Comites Christi*
Cari Biagio e Andrea,
dopo la celebrazione del Natale, la liturgia commemora i comites Christi, i “compagni di
Gesù” , coloro che gli hanno reso testimonianza con la vita e il martirio. Il primo tra di essi è santo
Stefano, ricordato il 26 dicembre, giorno successivo al Natale, perché considerato il protomartire.
Negli Atti degli Apostoli la narrazione della sua passione è modellata su quella di Cristo. San
Fulgenzio di Ruspe mette in evidenza il rapporto tra Cristo e santo Stefano con queste parole:
«Ieri abbiamo celebrato la nascita nel tempo del nostro Re eterno, oggi celebriamo la passione
trionfale del soldato.

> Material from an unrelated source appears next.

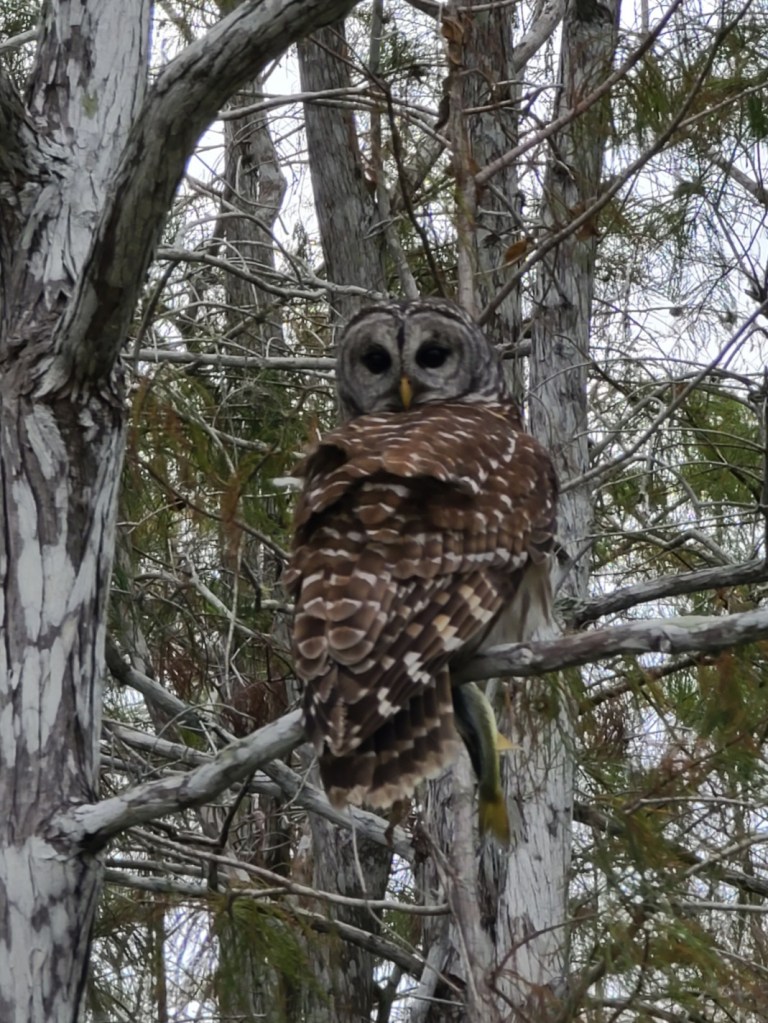 We went out exploring the area today and watched a Barred owl take a fish from a Great Egret and then fly up to a branch in a tree. Carol was able to take a great picture of the owl.

Ieri infatti il nostro Re, rivestito della nostra carne e uscendo dal seno della
Vergine, si è degnato di visitare il mondo; oggi il soldato uscendo dalla tenda del corpo, è entrato
trionfante nel cielo»1.
L’identità dei “comites Christi”
Non vi è divisione tra Cristo e i suoi discepoli. Fin dall’inizio del suo ministero, Gesù sceglie
coloro che lo accompagneranno durante la vita terrena e continueranno la sua missione dopo la
sua risurrezione dai morti: «Ne costituì dodici perché stessero con lui e anche per mandarli a
predicare e perché avessero il potere di scacciare i demoni» (Mc 3,14-15). L’identità degli apostoli
è caratterizzata dal loro “stare con Gesù” e “rimanere in Gesù”2. Il verbo “rimanere” indica non
solo un riferimento biografico-spaziale o un richiamo agli incontri di Gesù con i discepoli (cfr. Gv
1,38-39) e i samaritani (cfr. Gv 4,40-42), ma rappresenta una vera “formula di immanenza”. Gli
apostoli sono invitati a dimorare in Cristo e a rimanere nella sua parola e nel suo amore. D’altra
parte, il rapporto di Gesù con i discepoli è strettamente legato a quello che egli intrattiene con il
Padre. I “compagni di Gesù” sono coloro che, “rimanendo nel Figlio”, entrano in comunione con il
Padre. Messi a parte dei segreti che intercorrono tra il Padre e il Figlio, i discepoli sono inviati ad
annunciare agli altri quanto hanno conosciuto e sperimentato.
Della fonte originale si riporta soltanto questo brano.